Among the policy positions adopted was one that the herbicide glyphosate, which is used in connection with genetically modified organisms (GMO), should be banned. Some crops, known as “Round-Up Ready,” have been genetically engineered to be resistant to glyphosate. The resolution said there are “many troubling questions about livestock and human infertility and environmental impacts linked to the production and consumption of Round-Up Ready genetically modified organisms.... ”

Concerns about GMO products surfaced several times throughout the three-day conference. One workshop focused on the growing effort of activists to convince officials in the U.S. to follow the lead of more than 60 other countries around the world to require that products containing GMO ingredients be labeled as such.

In one workshop, Dr. Michael Hansen of Consumers Union responded to industry claims that GMO seed varieties are more productive than traditional varieties. Hansen said the U.S. Department of Agriculture disputes this, and he cited a side-by-side study done at the University of Nebraska of GMO and non-GMO varieties of soy beans, which found the GMO seeds were 10% less productive.

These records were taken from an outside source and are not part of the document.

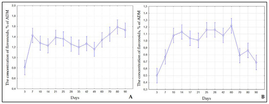 The concentration of flavonoids in microshoots of S. betulifolia ssp. aemiliana cultured in (A) agar-solidified (B) and liquid media.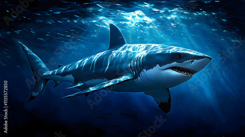 Fototapeta premium Great white shark swimming deep underwater in the ocean marine life blue environment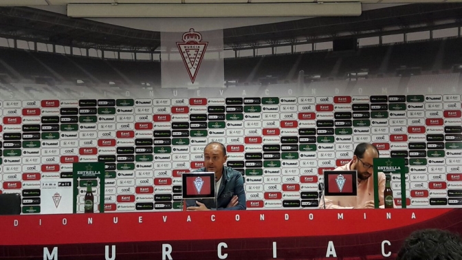 Vicente Mir, entrenador del Real Murcia, atendió a la prensa en la remozada sala de prensa del estadio Condomina este viernes. Este domingo el Atlético Mancha Real visita Murcia pero Mir no se fía de los jienenses: "Es un partido un poco trampa. Nosotros somos favoritos. Tanto ellos como nosotros nos jugamos muchísimo, y en el campo tenemos que demostrar que somos mejores. Vamos a salir como si fueran un equipo de arriba. Tenemos que tener posesión. Ellos tienen una buena contra".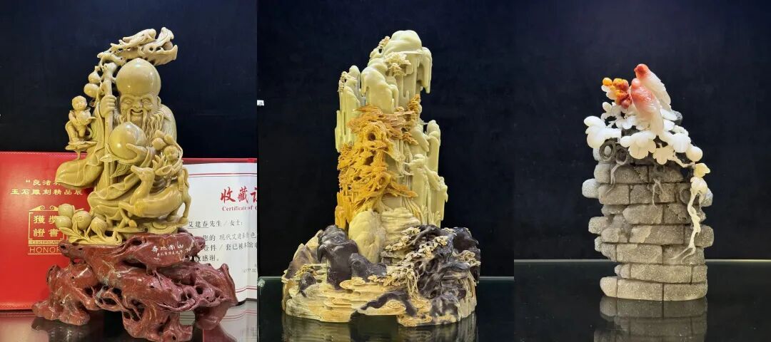 据悉,本次展览的焦点展品为浙江省玉石雕刻大师艾建春的作品。他深耕青田石雕艺术多年,凭借敏锐的艺术洞察力与沉稳精湛的刀法,创作出了大量精品力作。作品在中国工艺美术博览会、北京玉石天工奖、浙江工艺美术精品展等重要赛事中屡获大奖,代表作品被多家专业机构收藏。此外,本次展览还汇聚了多位青田石雕名家及国家工艺美术大师的经典作品,为市民带来了一场兼具观赏性与收藏价值的艺术体验。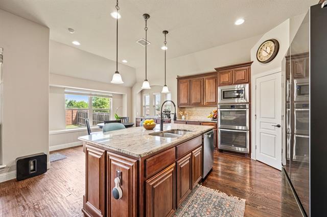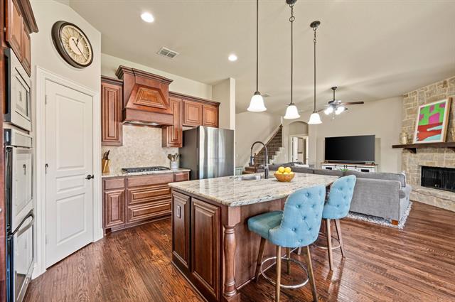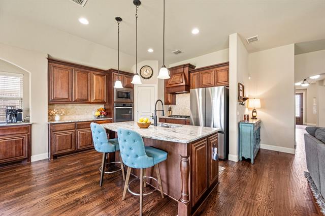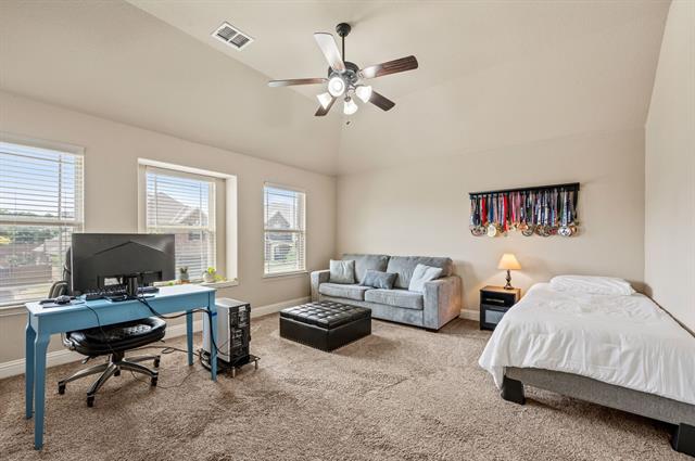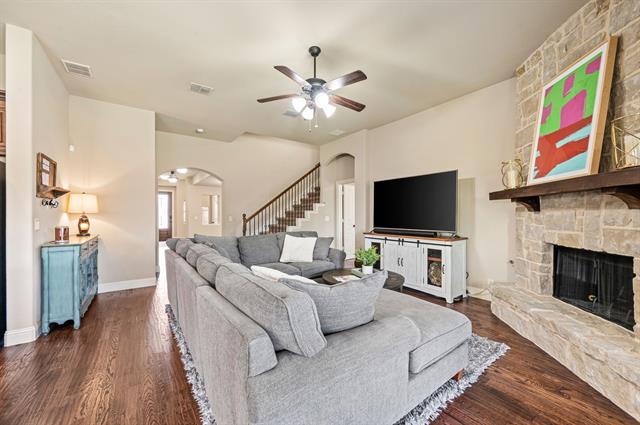 Located in the highly sought-after Steadman Farms community, this beautifully maintained home offers an ideal blend of space, comfort, and functionality. Residents enjoy access to a stunning neighborhood amenity center featuring a community pool, grilling area, and park. Inside, the home showcases rich hardwood floors and a versatile layout designed for both everyday living and entertaining. The main level features three bedrooms, including an oversized primary suite that serves as a true retreat with an expansive sitting area, large enough to function as a private living space. The main living area is anchored by a cozy wood-burning fireplace, adding warmth and charm. Upstairs offers an exceptional setup ideal for entertaining or multi-generational living, complete with a huge game room, a dedicated media room, and a versatile secondary living area that could easily serve as a second primary suite or guest retreat. Additional highlights include a 3-car garage, providing ample space for parking and storage, as well as a new roof (2021) and evident pride of ownership throughout. Step outside to a covered patio overlooking a large, grassy backyard with plenty of room to add a pool. With no rear neighbors, the outdoor space offers added privacy and a peaceful setting. A rare find in a prime location, this home combines generous living spaces, desirable features, and exceptional community amenities.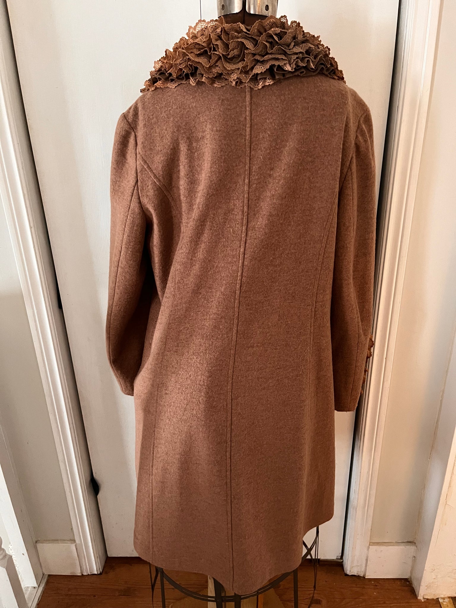 Slip into understated luxury with this Gilani wool-blend coat—a barely-worn gem that transitions effortlessly from boardroom to brunch. Warm camel tones pair beautifully with exquisite ruffled lace trim at the neckline and cuffs, while a fully-lined interior ensures comfort and structure. The hook-and-eye front closure and slash pockets add vintage charm and practicality. Layer it over dresses, trousers, or wear solo as a lightweight coat. Elegant, stunning, and ready to become your go-to piece. 60% polyester/40% wool.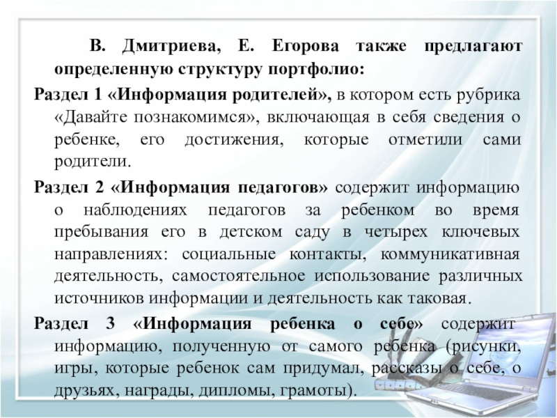 Слайд 23 В. Дмитриева, Е. Егорова также предлагают определенную структуру портфолио: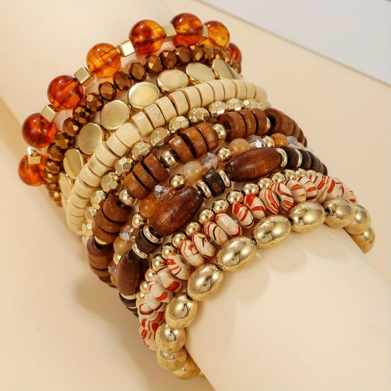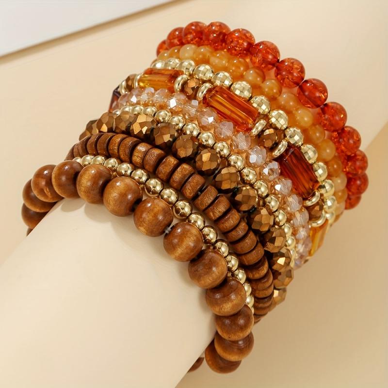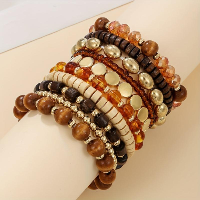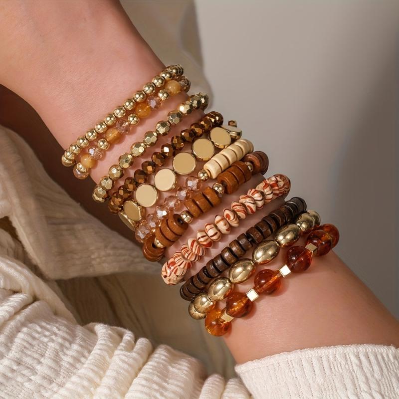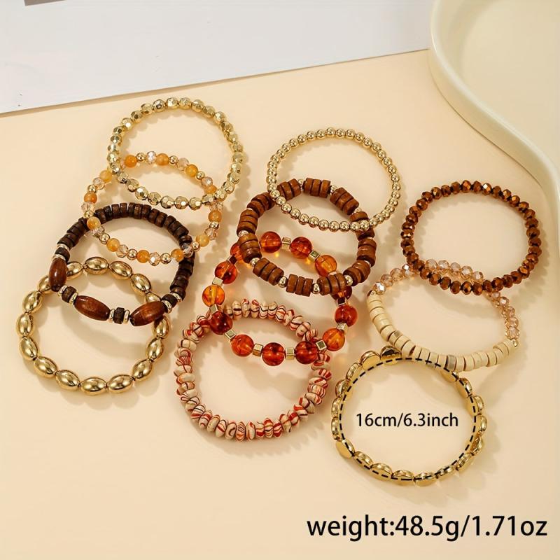 Elevate your style with this 10 11pcs beaded bracelet set made of acrylic, wooden, and CCB beads. Perfect for parties and versatile for all seasons.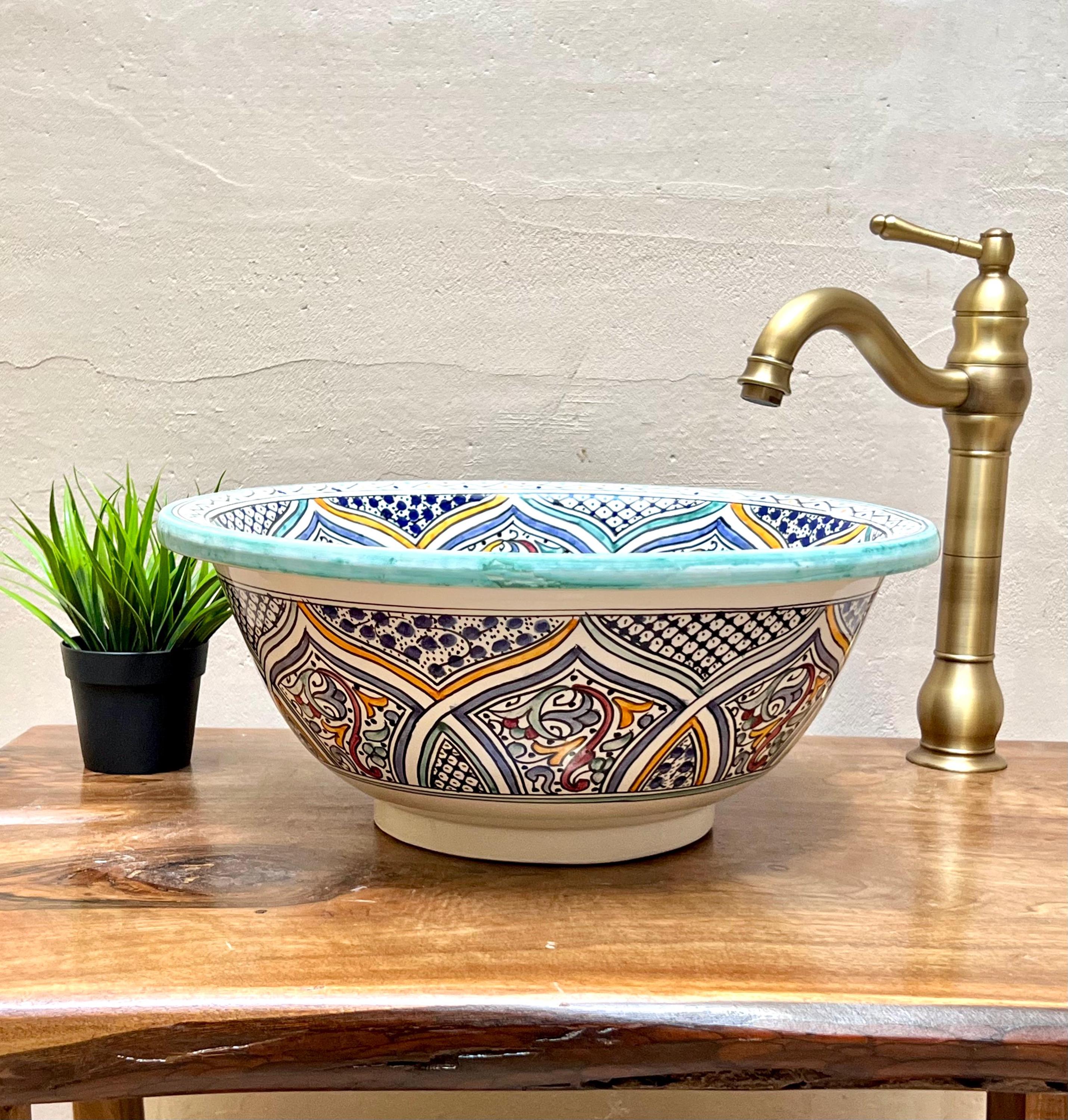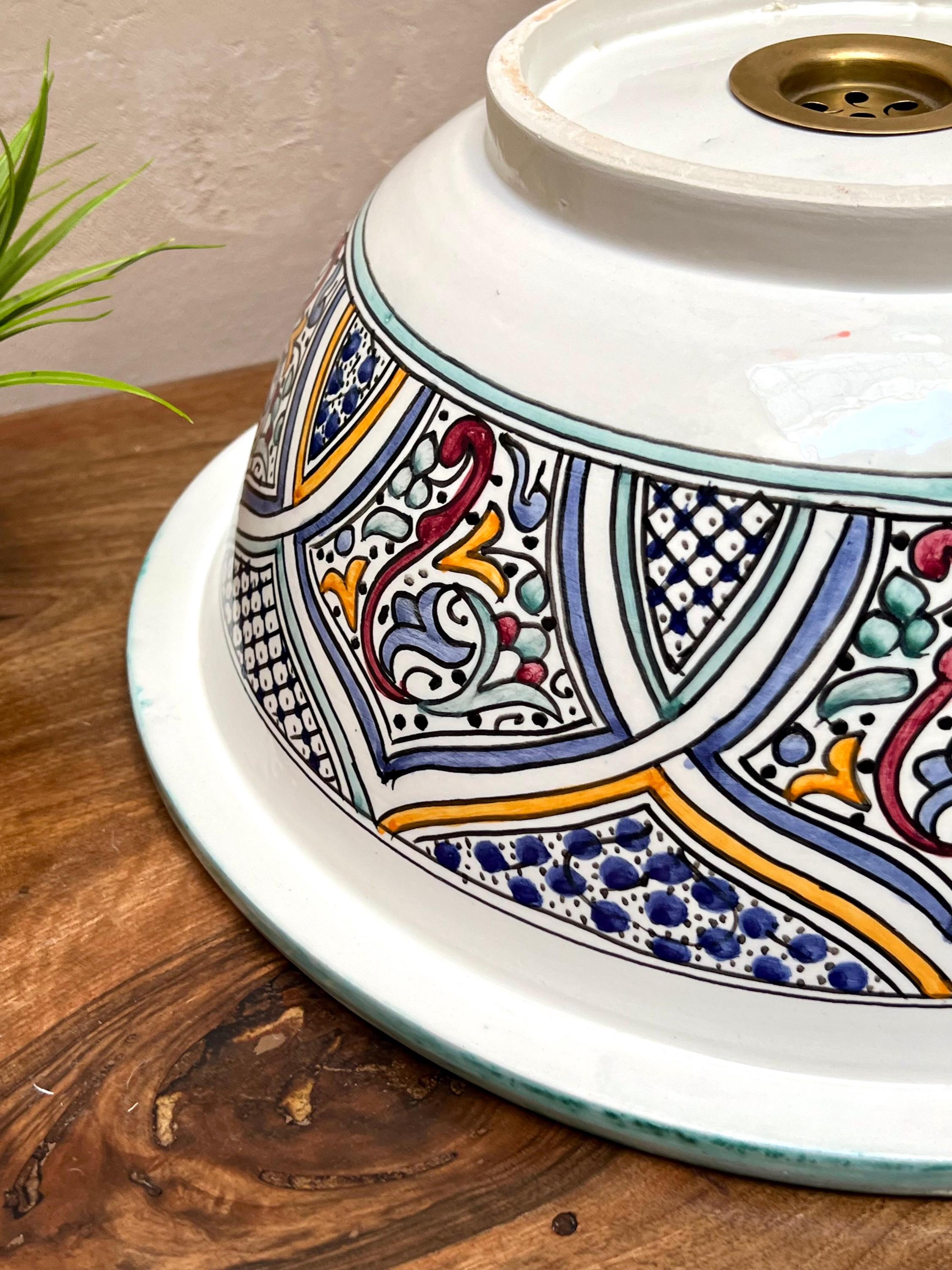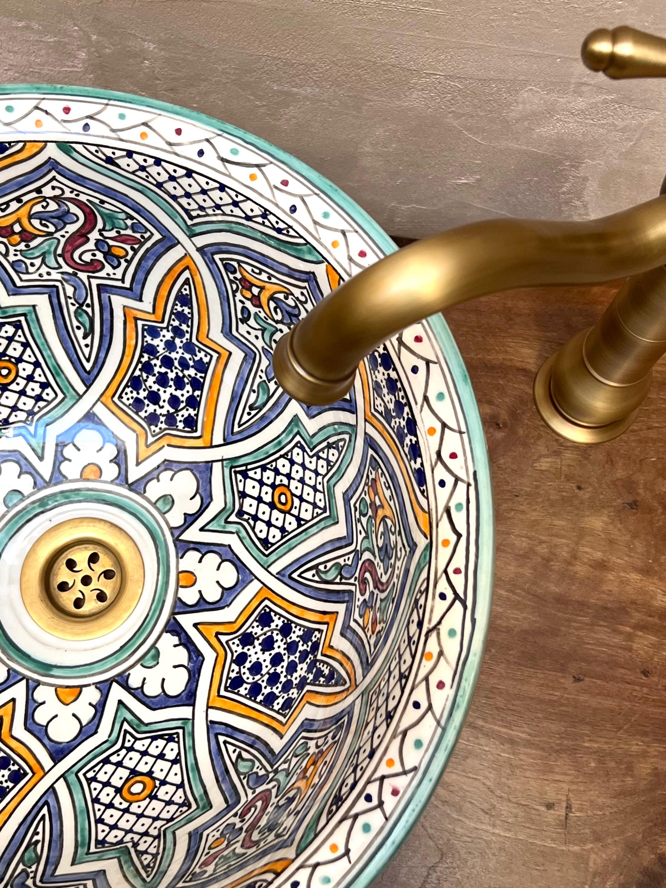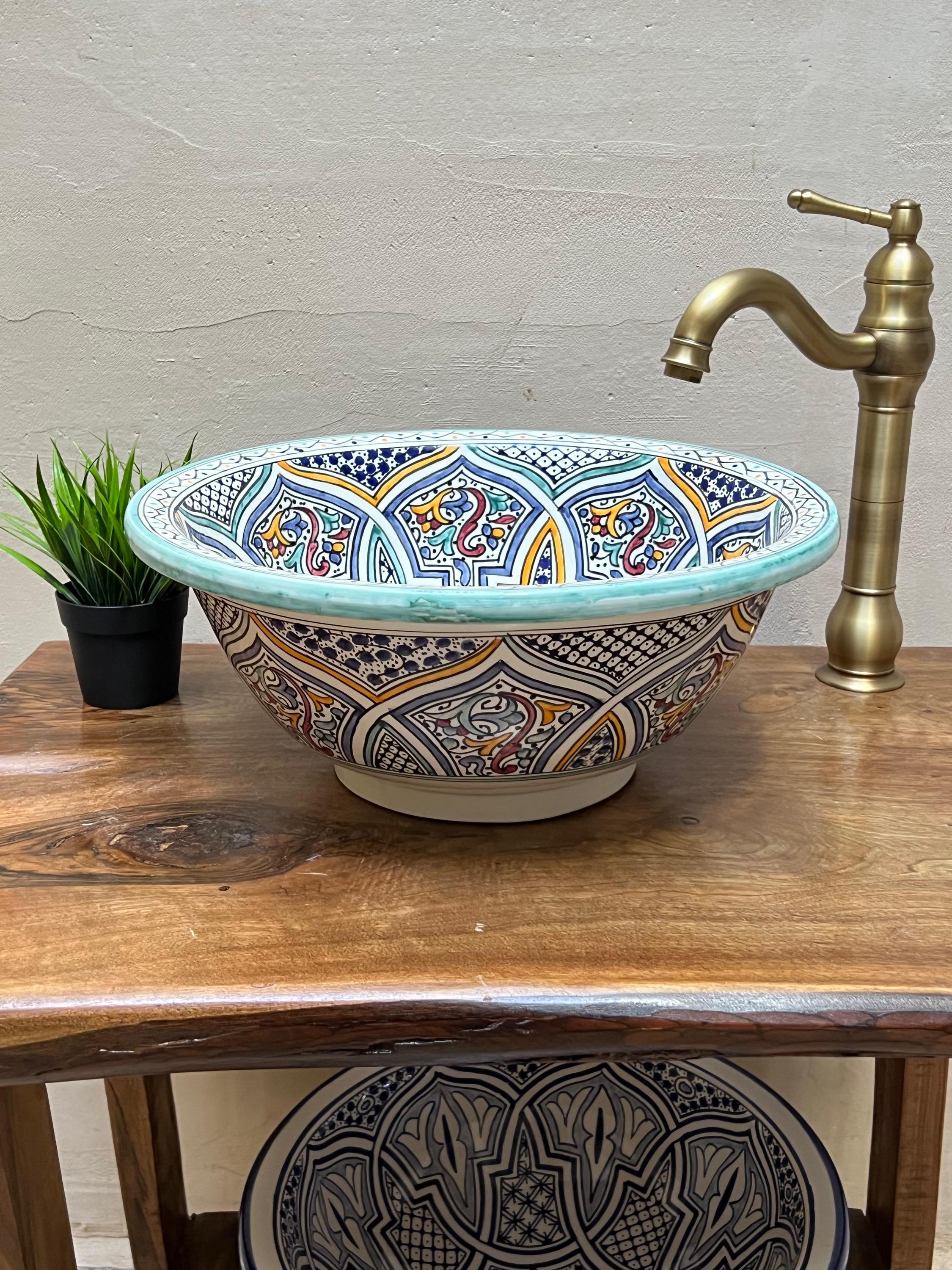 This beautiful Moroccan round ceramic sink is handcrafted by skilled artisans in Fes, made from high-quality clay, and features intricate hand-painted designs with a smooth glazed finish. Made from high-quality ceramic, it is durable, easy to clean, and perfect for bathrooms, kitchens, or powder rooms. Its timeless design adds a touch of Moroccan elegance to any space. The sink comes with both silver and copper drains included for free. Each piece is truly unique, and as a result, minor imperfections are to be expected. If you need a different size, feel free to contact us.

Hansen also responded to industry claims that GMO crops would lead to a reduction in the use of pesticides. He said with most GMO crops, the amount of pesticides used has increased significantly over time. Further, he said the use of glyphosates has resulted in many weed species in the U.S. and elsewhere becoming resistant to it, which has prompted the industry to engineer crops with resistance to other herbicides, specifically 2,4-Dichlorophenoxyacetic Acid and Dicamba.

GMO crops also got a mention from Scott Chaskey, who is a past president of NOFA-NY and also an educator, conservationist, farmer and poet. During one of the two keynote speeches of the conference, Chaskey used a phrase coined by author Ronald Wright when he called the spreading use of GMO crops a “progress trap.” He said, “A progress trap is a short term social or technological improvement that turns out, in the long term, to be instead a backward step.”

The other keynote touched not on GMO crops but instead on nuclear power. Shinji Hashimoto is an organic farmer from Japan and head of that country’s Teikei, or association of consumer-supported agriculture operations. Part of his address dealt with organic farmers who were ordered off their land because it had been contaminated by radioactivity in the wake of the tsunami in March 2011, and the subsequent disaster at the Fukushima Nuclear Power Plant.

On the fringe of the contaminated area, one farmer was trying to prevent his rice plants from absorbing radioactive cesium by applying heavy applications of potassium. Hashimoto said the authorities insist they will clean the land, and eventually the famers and other villagers will be able to return.

Hashimoto, however, said the farming area is surrounded by forests. He said, “It’s not possible to clean the forests because the contaminants are among the leaves.” Even though government officials say otherwise, Hashimoto said, “They will never go back to their homes."